** TASK DESCRIPTION **
Would you transcribe the entries below, beginning at the line with "Корпус и браслет" and ending after the line with "- weiß, rot", exactly, with no picture and nothing more?

** MATERIAL FOR THIS TASK **
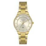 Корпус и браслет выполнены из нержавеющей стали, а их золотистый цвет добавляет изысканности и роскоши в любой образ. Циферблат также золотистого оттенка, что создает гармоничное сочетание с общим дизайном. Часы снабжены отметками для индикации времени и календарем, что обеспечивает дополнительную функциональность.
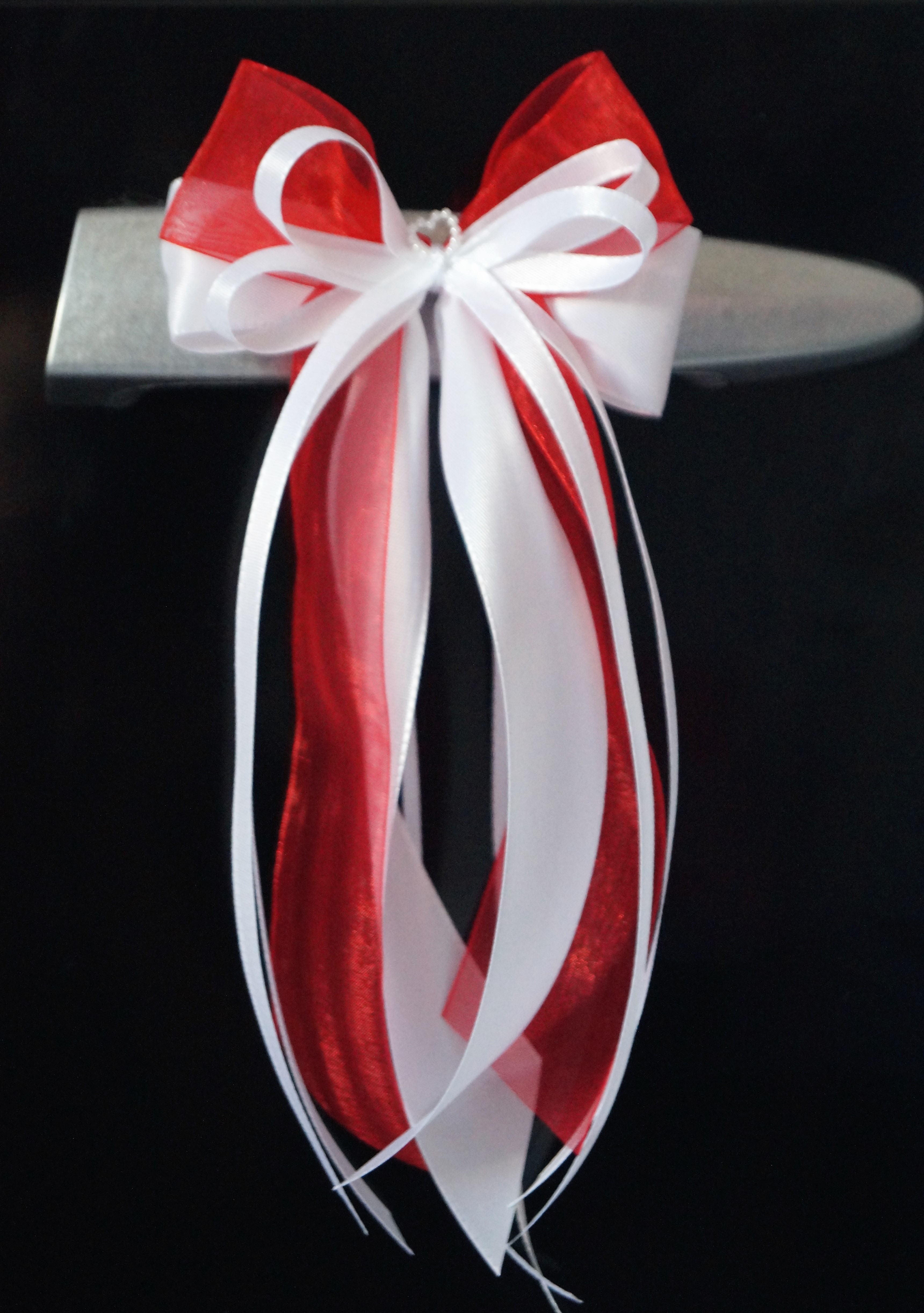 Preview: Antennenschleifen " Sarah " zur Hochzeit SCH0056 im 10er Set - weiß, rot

==

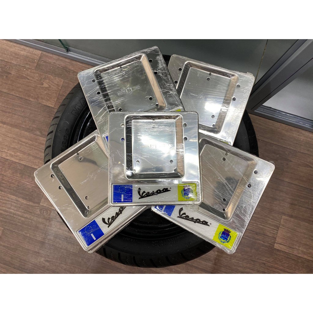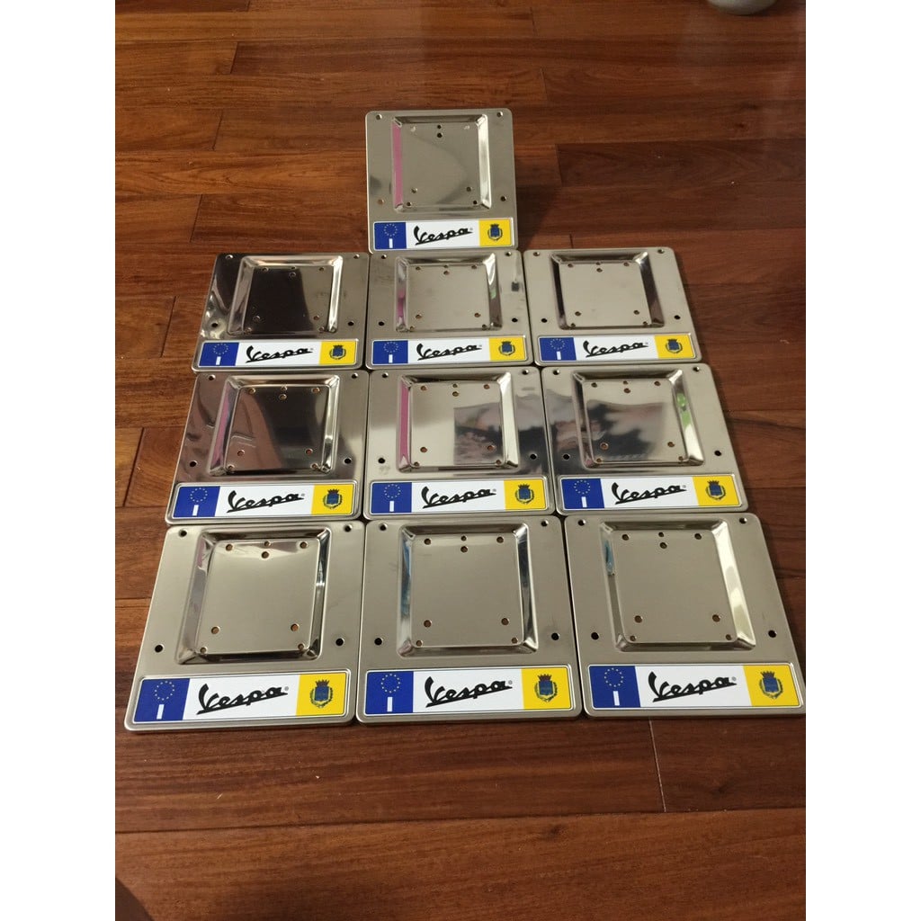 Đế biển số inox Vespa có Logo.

---

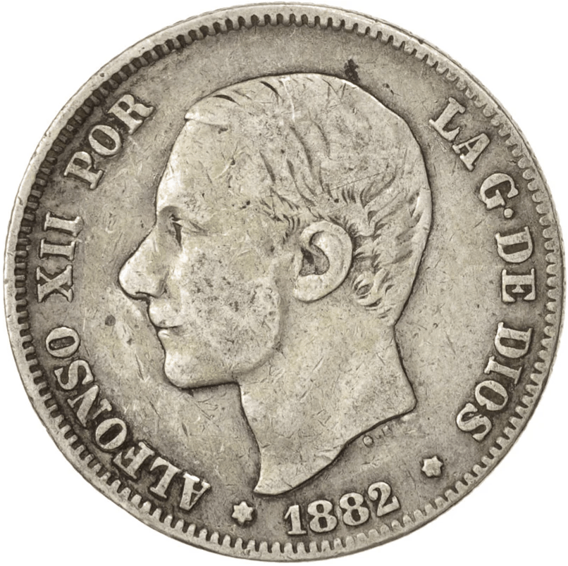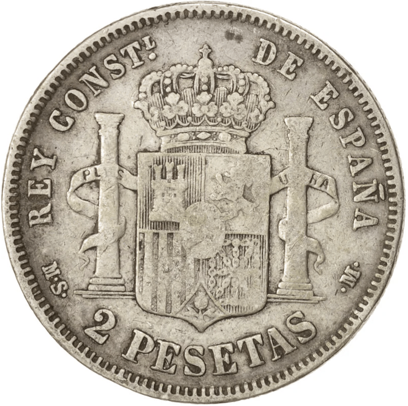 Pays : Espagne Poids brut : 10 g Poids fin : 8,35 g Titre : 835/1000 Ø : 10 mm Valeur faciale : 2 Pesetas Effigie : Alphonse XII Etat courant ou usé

** EXERCISE RESPONSE **
 Корпус и браслет выполнены из нержавеющей стали, а их золотистый цвет добавляет изысканности и роскоши в любой образ. Циферблат также золотистого оттенка, что создает гармоничное сочетание с общим дизайном. Часы снабжены отметками для индикации времени и календарем, что обеспечивает дополнительную функциональность.
 Preview: Antennenschleifen " Sarah " zur Hochzeit SCH0056 im 10er Set - weiß, rot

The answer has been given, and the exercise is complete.